PROBLEM REQUIREMENTS — Please give back, exactly as written, the lines from the line with "کفش کتونی راحتی" to the line with "The Midnight Bound" in the listing below, leaving out all pictures.

DATA EXTRACT —
━━━━━━━━━━━━━━━━
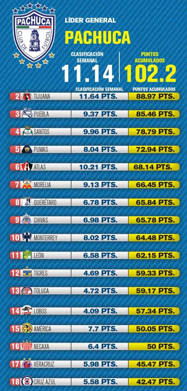 TAMBIÉN TE PUEDE INTERESAR: PACHUCA SE MANTIENE EN LO MÁS ALTO DEL RANKING RÉCORD
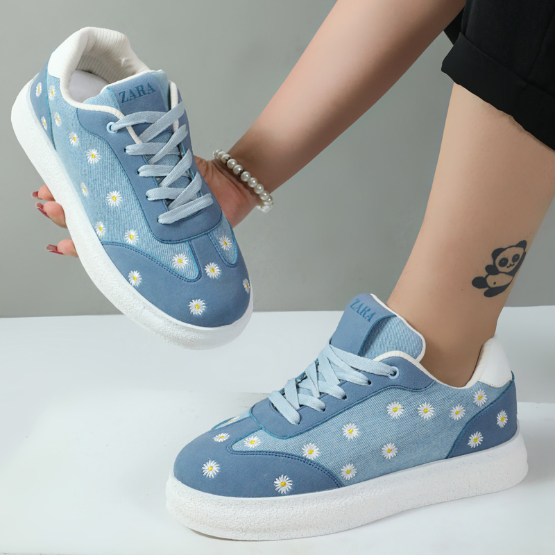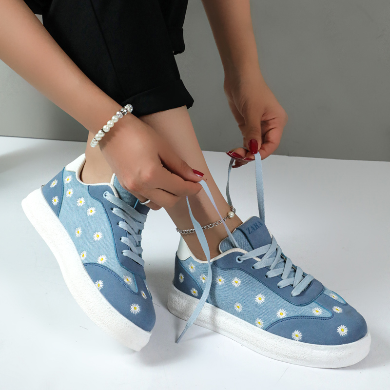 کفش کتونی راحتی زنانه مدل بابونه گلدوزی رنگ آبی کد 32340
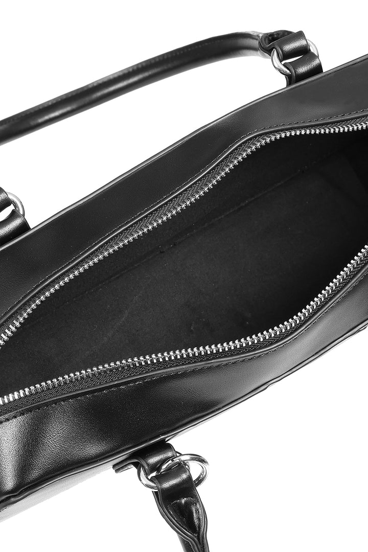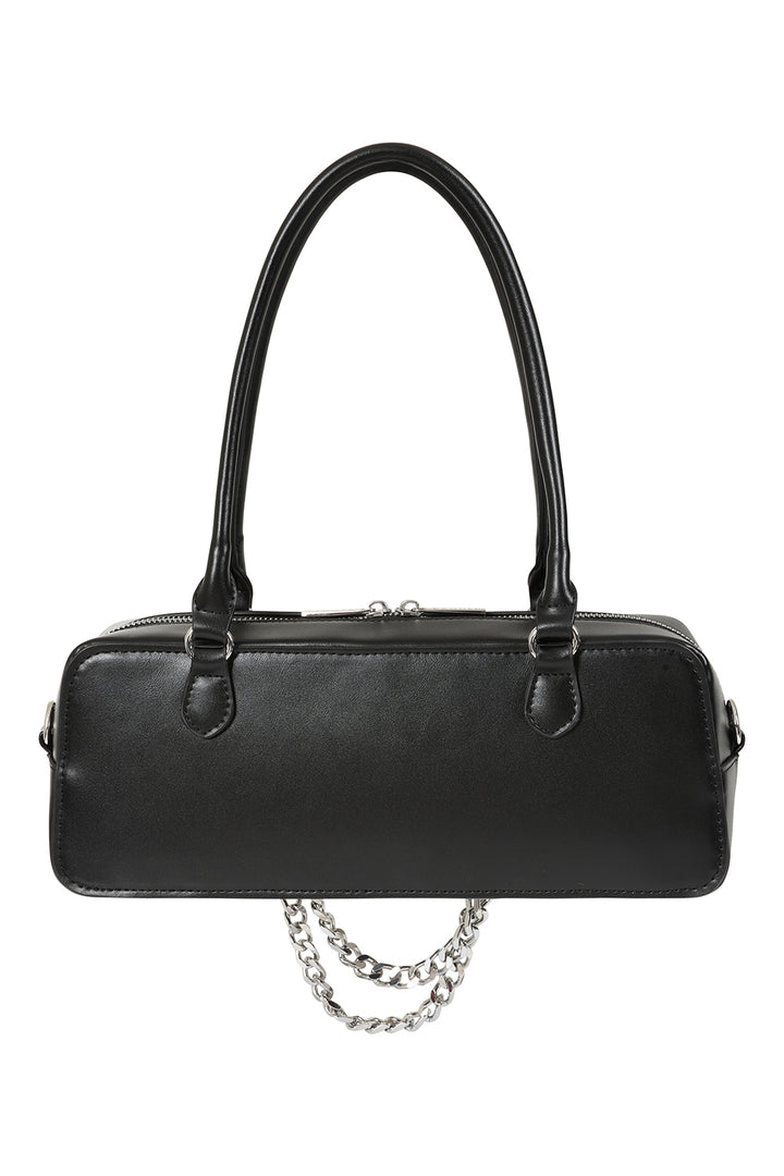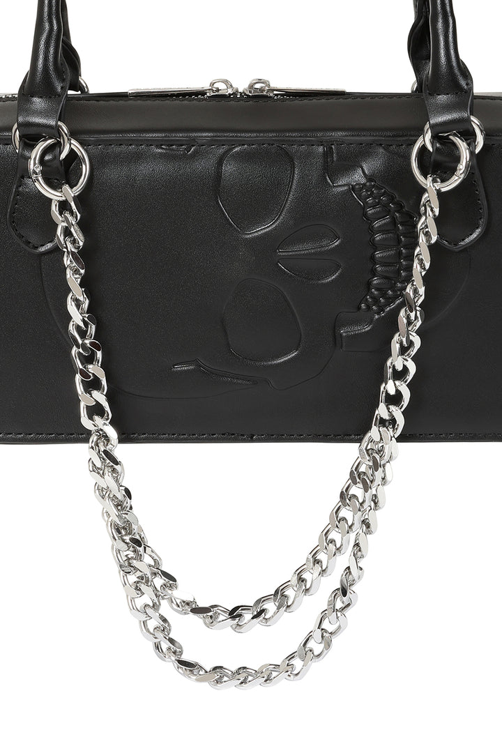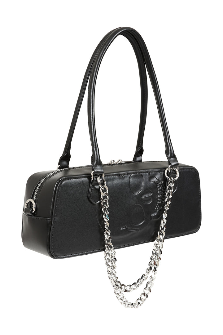 The Midnight Bound Handbag by BANNED Apparel is a sleek gothic accessory featuring a striking black Embossed skull motif and detachable decorative silver chain with half moons detailing. This elegant barrel-shaped bag combines dark aesthetics with modern functionality. The design showcases silver O-ring hardware connected by chains along the front panel, complemented by both structured top handles and an adjustable shoulder strap for versatile carrying options.
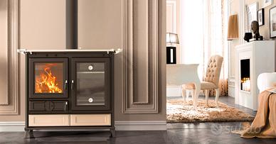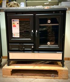 Modello: Margherita by Thermorossi Cucina a legna Descrizione: Libera la tua fantasia in cucina grazie all'ingegnoso dispositivo brevettato «PANEPIZZA». Un'unica grande porta racchiude due forni indipendenti: gestisci come vuoi il calore, il forno superiore è in grado di sfruttare temperature più alte grazie ad un giro fumi dedicato, 400° sul forno superiore, 350° sul forno inferiore. Entrambi i forni hanno la base in pietra ollare e termometro dedicato. POTENZA NOMINALE: 12.1 KW Questo prodotto è conforme alla Classe 5 Stelle secondo i requisiti di emissioni e rendimento del Decreto 7 Novembre 2017, n. 186 Area riscaldabile: 109 m2 Comprende: 1 - Uscita fumi Ø 130mm 2 - Starter 3 - Piano cottura in ghisa levigata completo di cerchi in ghisa 4 - Cornice in ghisa 5 - Corrimano laterale (optional) 6 - Tecnologia «PANEPIZZA»: per gestire le temperature dei due forni 7 - Dispositivo per la regolazione dell'aria secondaria 8 - Porta focolare in ghisa 9 - Camera di combustione in ghisa (HxLxP - 36x30x45 cm) 10 - Bocca di carico (LxH - 28x27 cm) 11 - Forno smaltato superiore con base in pietra ollare (HxLxP - 10x32x43 cm) 12 - Forno smaltato inferiore con base in pietra ollare completo di leccarda (HxLxP - 25x32x43 cm) 13 - Dispositivo per la regolazione dell'aria primaria 14 - Vano porta attrezzi ‼️ SPEDIZIONE ‼️ Attenzione, il costo di spedizione scritto in questo annuncio è indicativo: potrebbe essere inferiore, dipenderà dall'indirizzo di destinazione e dal modello scelto. Per ricevere informazioni dettagliate sui costi di spedizione, vi invitiamo a contattarci indicando il vostro indirizzo completo. Saremo lieti di fornirvi tempestivamente tutte le informazioni necessarie. Spediamo in tutta Italia e anche all'estero. Alternativamente l’articolo è disponibile per il ritiro presso la nostra sede di Villadossola.
━━━━━━━━━━━━━━━━
SOLVED EXERCISE —
 کفش کتونی راحتی زنانه مدل بابونه گلدوزی رنگ آبی کد 32340
 The Midnight Bound Handbag by BANNED Apparel is a sleek gothic accessory featuring a striking black Embossed skull motif and detachable decorative silver chain with half moons detailing. This elegant barrel-shaped bag combines dark aesthetics with modern functionality. The design showcases silver O-ring hardware connected by chains along the front panel, complemented by both structured top handles and an adjustable shoulder strap for versatile carrying options.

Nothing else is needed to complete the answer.